== Records shown

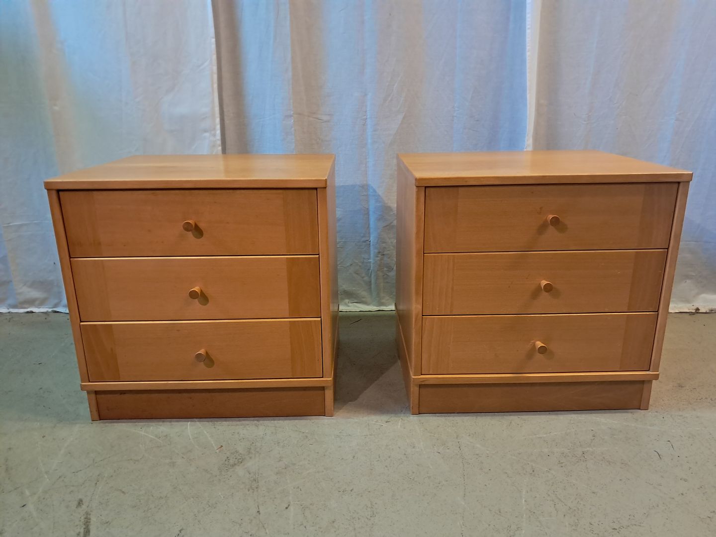 2 Natskabe i fineret bøgetræ, fra 2000erne. De har brugsspor. Højde 50cm Bredde 50cm Dybde 42cm Emne nummer: 77682
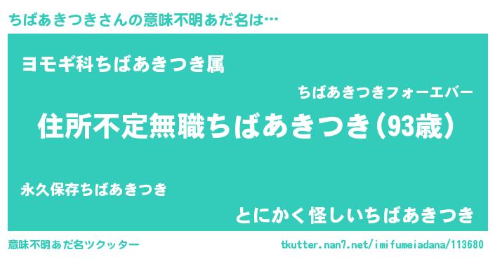| 料理風あだ名 | 『ちばあきつきのカルパッチョ風』 |
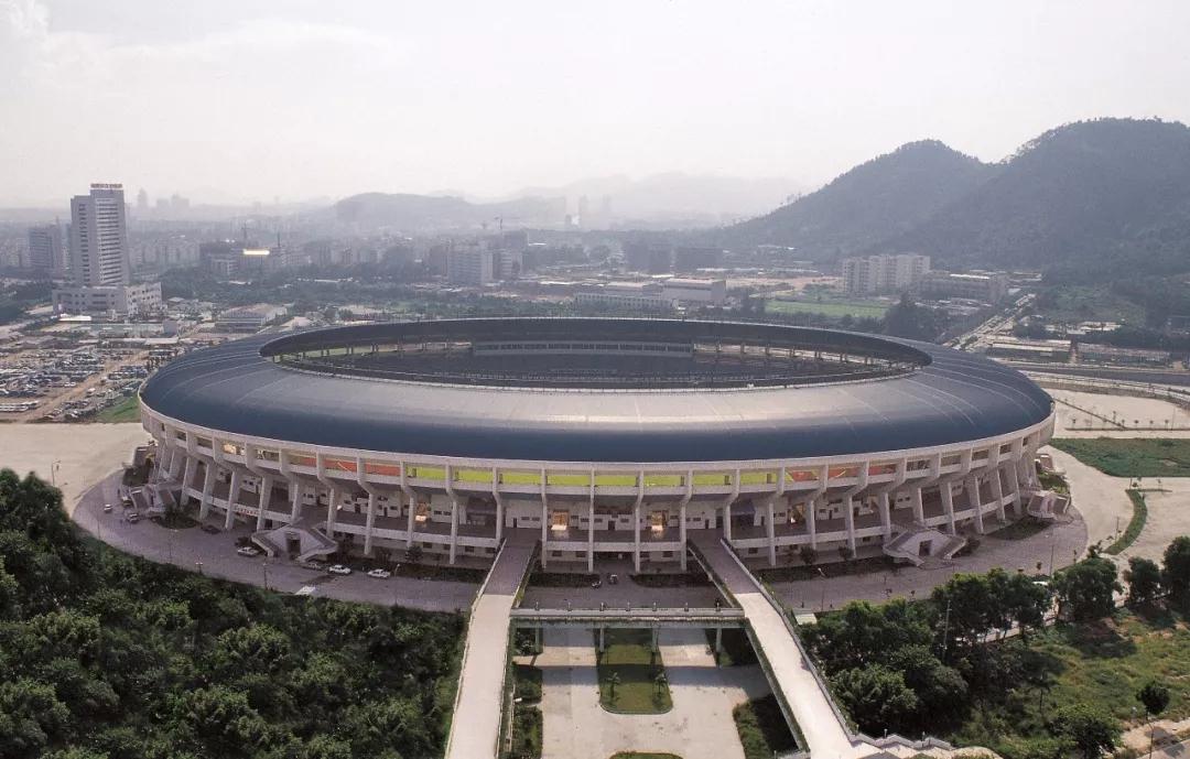 深圳第一座体育馆深圳体育馆,是国内建筑行业第一个“鲁班奖”获奖项目,整个建筑呈正方形,造型宏伟、坚实,四根拔地而起的立柱支撑着巨大的棚顶,颇具顶天立地之气度,全新、简洁的形象把体育建筑刚劲有力的韵味塑造得恰到好处。这种选用四支点球节点钢管平板网架结构的方案,地面拼装整体顶升就位的施工方法,是国内首次使用。
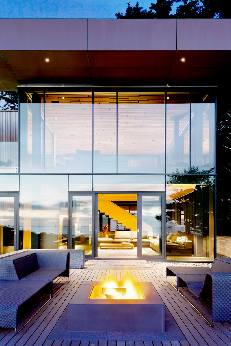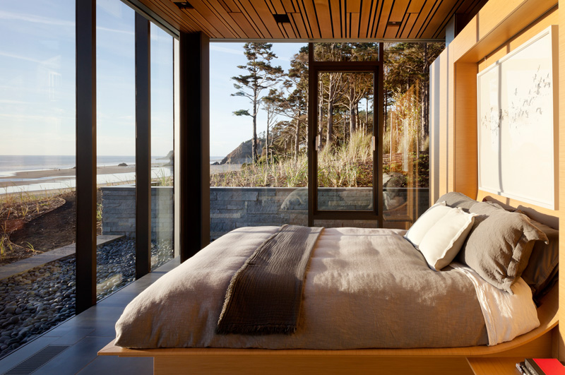Regardless of the unpredictable Oregon Coast weather, the house is filled with natural light. At night, the light levels are kept low to create a cocoon-like, intimate effect.
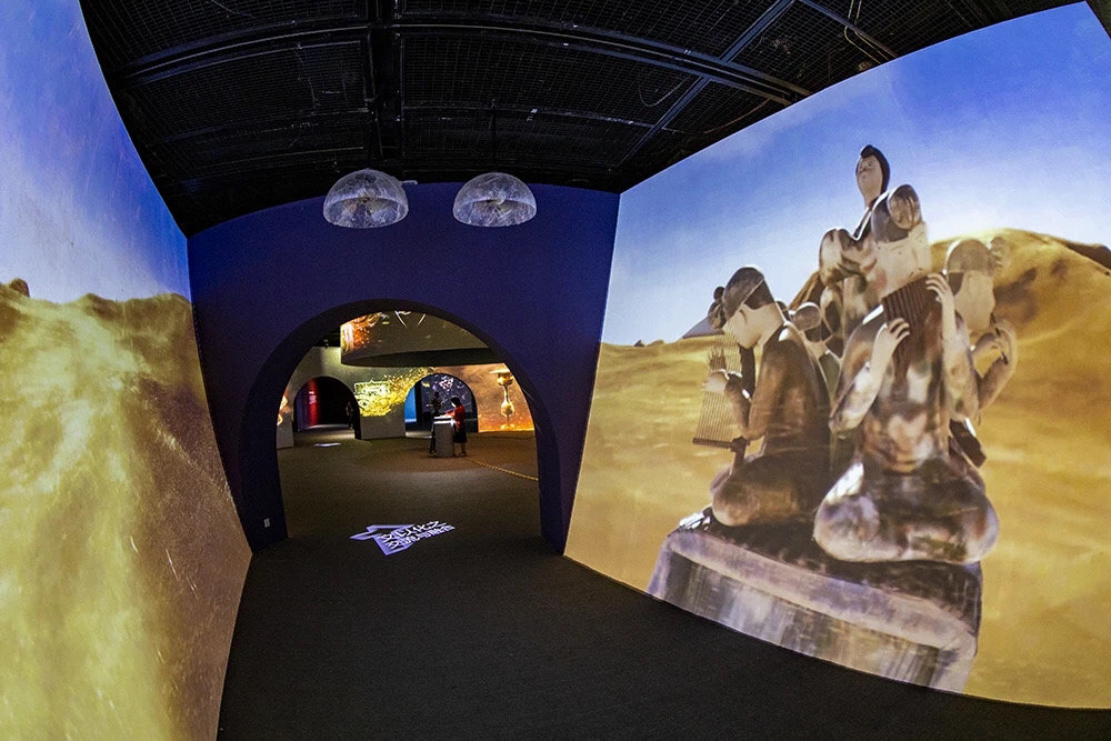 此外,“翰墨文心:风骨与气韵”通过沉浸体验数字化构建了“曲水流觞”意境;在“文以化之:交流与融合”可以感受丝绸之路上的文化融合;动态呈现王羲之《兰亭集序》,展现文人气韵。
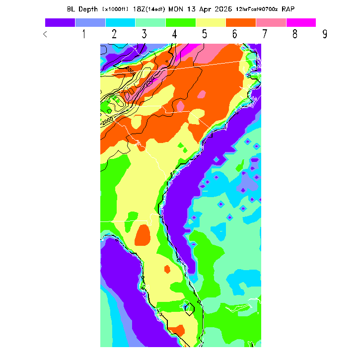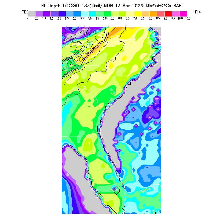 Depth of the layer mixed by thermals.  This parameter can be useful in determining which flight direction allows better thermalling conditions when average surface elevations vary greatly in differing directions.  MoreInfo
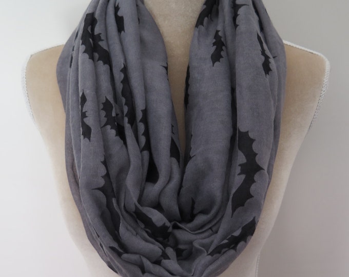 Grey Bat Print Infinity / Long Scarf Women's Halloween Party Gift
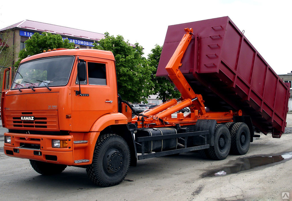 Коммунальная техника для вывоза строительного и крупногабаритного мусора с помощью контейнера типа “лодочка”
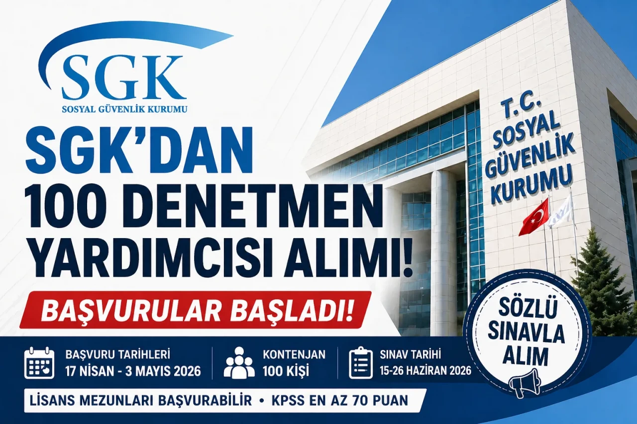 SGK, 2026 yılı için 100 denetmen yardımcısı alımı yapacak. Başvurular 17 Nisan – 3 Mayıs 2026 tarihleri arasında online olarak alınacak. Adaylardan en az 70 KPSS puanı ve lisans mezuniyeti şartı aranıyor. Sözlü sınavlar Haziran ayında Ankara’da yapılacak.
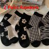 2/5 Pairs Women's Cute Little Bear Mid-Calf Socks Fashionable Flower Floral Prints Soft Comfortable Spring Autumn Casual Socks
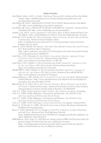 Jasmine, Siti Fatimah (2025) IMPLEMENTASI DIPLOMASI PUBLIK UNI EMIRAT ARAB DALAM FORMULA ONE ABU DHABI GRAND PRIX TAHUN 2024. Undergraduate thesis, Universitas Pembangunan "Nasional" Veteran Jawa Timur.
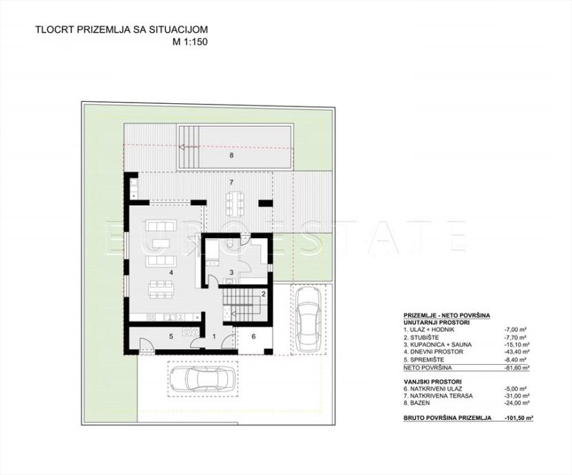 PRIZEMLJE: natkriveni ulaz, ulazni hodnik, spremište / praonica rublja, kupaonica sa wc-om i saunom, kuhinja / blagovaona / dnevni boravak, natkrivena terasa, bazen sa sunčalištem
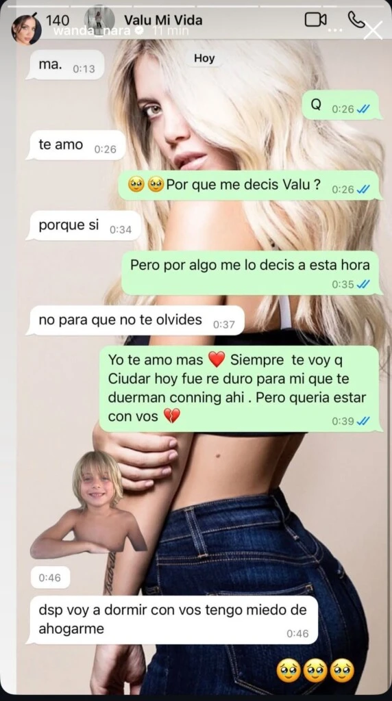 Minutos después de la respuesta de su mamá, Valentino sumó un sticker suyo de niño sonriendo y escribió: "Después voy a dormir con vos. Tengo miedo de ahogarme". Ante esto, Wanda sumó una serie de emojis con ojos llorosos.
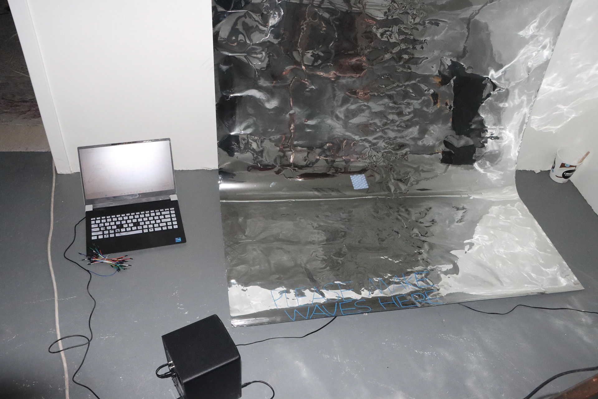In the case of waves, these senses include auditory, tactile, and visual perception. The audio is played through the two speakers in a randomized back-and-forth pattern, creating an immersive experience that simulates the sensation of an imaginary entity moving between the speakers and emitting sounds. The tactile component consists of an amplifier, transducer, and instructions prompting viewers to place the device against their chest, allowing them to feel the vibrations of the same audio track. This setup recalls the common experience of physically interacting with waves, while reflections of water-like patterns appear on the walls in response to the movements. The visual side has a piece of mylar material with an instruction written on it and asking the viewers to manually make waves by shaking the mylar piece. This would recall the common experience of interacting with waves physically while reflections of water-like patterns appear on the walls as movements were made.
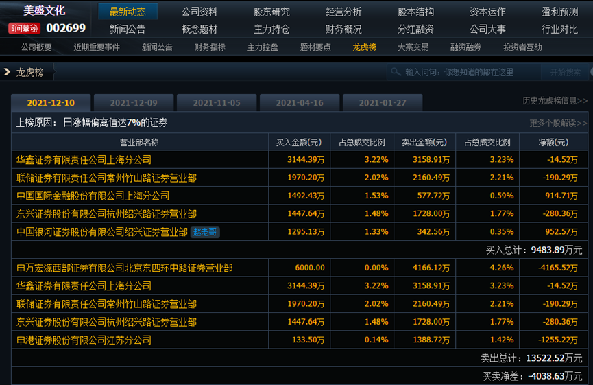 从昨日美盛文化的龙虎榜数据来看,买入方皆为游资席位,知名游资华鑫证券上海分公司以及银河证券绍兴营业部均上榜。

====

--- Work task ---
From the material above, reproduce everything verbatim except the pictures.

--- The completed task ---
 2 Natskabe i fineret bøgetræ, fra 2000erne. De har brugsspor. Højde 50cm Bredde 50cm Dybde 42cm Emne nummer: 77682
| 料理風あだ名 | 『ちばあきつきのカルパッチョ風』 |
 深圳第一座体育馆深圳体育馆,是国内建筑行业第一个“鲁班奖”获奖项目,整个建筑呈正方形,造型宏伟、坚实,四根拔地而起的立柱支撑着巨大的棚顶,颇具顶天立地之气度,全新、简洁的形象把体育建筑刚劲有力的韵味塑造得恰到好处。这种选用四支点球节点钢管平板网架结构的方案,地面拼装整体顶升就位的施工方法,是国内首次使用。
Regardless of the unpredictable Oregon Coast weather, the house is filled with natural light. At night, the light levels are kept low to create a cocoon-like, intimate effect.
 此外,“翰墨文心:风骨与气韵”通过沉浸体验数字化构建了“曲水流觞”意境;在“文以化之:交流与融合”可以感受丝绸之路上的文化融合;动态呈现王羲之《兰亭集序》,展现文人气韵。
 Depth of the layer mixed by thermals.  This parameter can be useful in determining which flight direction allows better thermalling conditions when average surface elevations vary greatly in differing directions.  MoreInfo
 Grey Bat Print Infinity / Long Scarf Women's Halloween Party Gift
 Коммунальная техника для вывоза строительного и крупногабаритного мусора с помощью контейнера типа “лодочка”
 SGK, 2026 yılı için 100 denetmen yardımcısı alımı yapacak. Başvurular 17 Nisan – 3 Mayıs 2026 tarihleri arasında online olarak alınacak. Adaylardan en az 70 KPSS puanı ve lisans mezuniyeti şartı aranıyor. Sözlü sınavlar Haziran ayında Ankara’da yapılacak.
 2/5 Pairs Women's Cute Little Bear Mid-Calf Socks Fashionable Flower Floral Prints Soft Comfortable Spring Autumn Casual Socks
 Jasmine, Siti Fatimah (2025) IMPLEMENTASI DIPLOMASI PUBLIK UNI EMIRAT ARAB DALAM FORMULA ONE ABU DHABI GRAND PRIX TAHUN 2024. Undergraduate thesis, Universitas Pembangunan "Nasional" Veteran Jawa Timur.
 PRIZEMLJE: natkriveni ulaz, ulazni hodnik, spremište / praonica rublja, kupaonica sa wc-om i saunom, kuhinja / blagovaona / dnevni boravak, natkrivena terasa, bazen sa sunčalištem
 Minutos después de la respuesta de su mamá, Valentino sumó un sticker suyo de niño sonriendo y escribió: "Después voy a dormir con vos. Tengo miedo de ahogarme". Ante esto, Wanda sumó una serie de emojis con ojos llorosos.
In the case of waves, these senses include auditory, tactile, and visual perception. The audio is played through the two speakers in a randomized back-and-forth pattern, creating an immersive experience that simulates the sensation of an imaginary entity moving between the speakers and emitting sounds. The tactile component consists of an amplifier, transducer, and instructions prompting viewers to place the device against their chest, allowing them to feel the vibrations of the same audio track. This setup recalls the common experience of physically interacting with waves, while reflections of water-like patterns appear on the walls in response to the movements. The visual side has a piece of mylar material with an instruction written on it and asking the viewers to manually make waves by shaking the mylar piece. This would recall the common experience of interacting with waves physically while reflections of water-like patterns appear on the walls as movements were made.
 从昨日美盛文化的龙虎榜数据来看,买入方皆为游资席位,知名游资华鑫证券上海分公司以及银河证券绍兴营业部均上榜。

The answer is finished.